Best Studio Headphones – A Complete Buyer’s Guide

By John Stone

When it comes to recording music, one of the most important aspects is of course, the ability to hear it properly. By this I don’t mean having a good hearing (although that helps too), I mean having a solid arsenal of equipment which will enable you to record and reproduce your creative endeavors in a proper fashion. No, I won’t argue with the ‘talent combined with hard work is everything’ mantra, but if you leave the gear out of the equation, you’ll certainly have a tougher time in achieving your goals.

As a long time musician and a casual home-recording aficionado, I’ve come to realize that aside from the obvious items in the signal chain (instrument, cables, digital workstation, plugins, etc), the final link (speakers) can indeed be a critical one to the overall picture.

Having a sub-par set of speaker monitors or headphones can greatly diminish the end-result of your work, i.e. the mix. Some producers like to do the mixing on speakers, others prefer headphones. I belong to the latter group. I became a favorite of headphones over the years because I hear everything better when the music is ‘directly in my head’.

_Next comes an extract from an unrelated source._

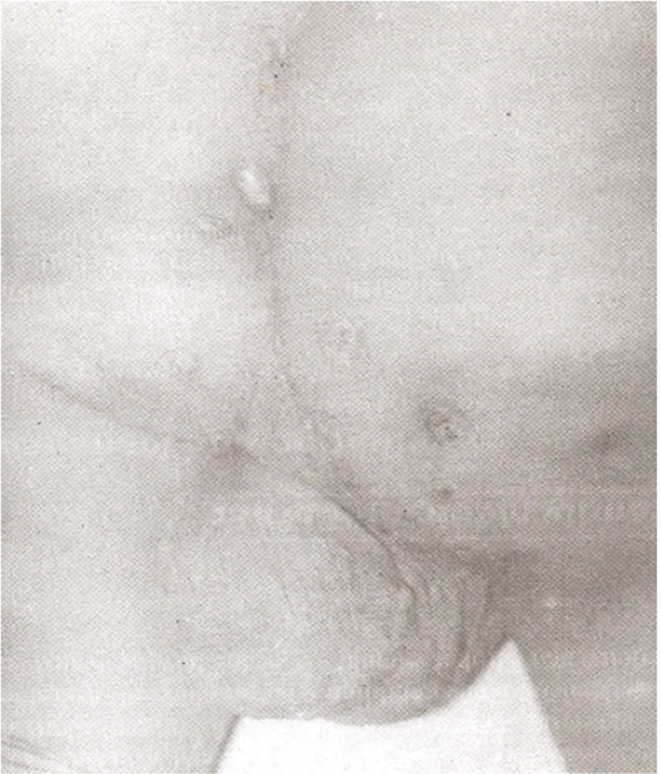
Figure 2. Nodules and sinuses involving the buttock and scrotum.

These lesions had gradually appeared over a period of 10 years. The regional lymph nodes were not enlarged. General physical and systemic examination was unremarkable. Preliminary investigations showed normal X-ray chest, haemoglobin level of 14.2 G%, ThC 8,200/mm 3 and ESR of 79 mm in first hour. X-ray lumbar and sacral spines showed degenerative changes in pelvic and hip joints as

In this article you’ll find out what are the benefits of using the best headphones at your disposal, which are the best headphones for mixing, which ones should be used for recording, what are the important aspects you should consider before making a purchase and we’ll review some of the top studio headphones today.

Studio Headphones Comparison Table

Image

Model

Type

Impedance (ohms)

Sensitivity (db)

Frequency Response (Hz)

Price

Rating

Sennheiser HD 800

Open

300

102

6 – 51000

$$$$$

Sennheiser HD 600 Open Back Professional Headphone

Sennheiser HD 600

Open

300

97

12 – 39000

$$$

Shure SRH840 Professional Monitoring Headphones

Shure SRH840

Closed

44

102

5 – 25000

$$

Audio-Technica ATHM50RD Professional Studio Monitor Headphones, Red

Audio-Technica ATHM50RD

Closed

38

99

15 – 28000

$$

Sony MDRV6 Studio Monitor Headphones with CCAW Voice Coil

Sony MDRV6

Closed

63

106

5 – 30000

$$

AKG K 240

AKG K 240

Semi-open

55

104

15 – 25000

$

Pioneer HDJ-1500-S

Pioneer HDJ-1500-S

Closed

32

108

5 – 30000

$$

Samson SR850

Open

32

104

10 – 30000

$

Beyerdynamic DT-990-Pro-250

Open

96

32/250

5 – 35000

$$

Sennheiser HD 280 Pro

Closed

64

102

8 – 25000

$

Different Types of Studio Headphones

First things first, it’s important to distinguish between two major types of studio headphones. Depending on the task before you, you’ll need to choose between open back vs closed back headphones. If you’re looking for the best studio headphones for mixing, you will want to check out the open back models. On the other hand, if you need a set of headphones for recording, closed back is the choice for you. Let’s see why this is important.

best studio headphones

Open Back Headphones For Mixing And Mastering

If you’re wondering why you need to get the open back headphones for proper mixing and mastering, it’s because of their ability to create a more natural overall sound. Their open back design allows for a certain amount of background noise to be combined with the recorded sounds.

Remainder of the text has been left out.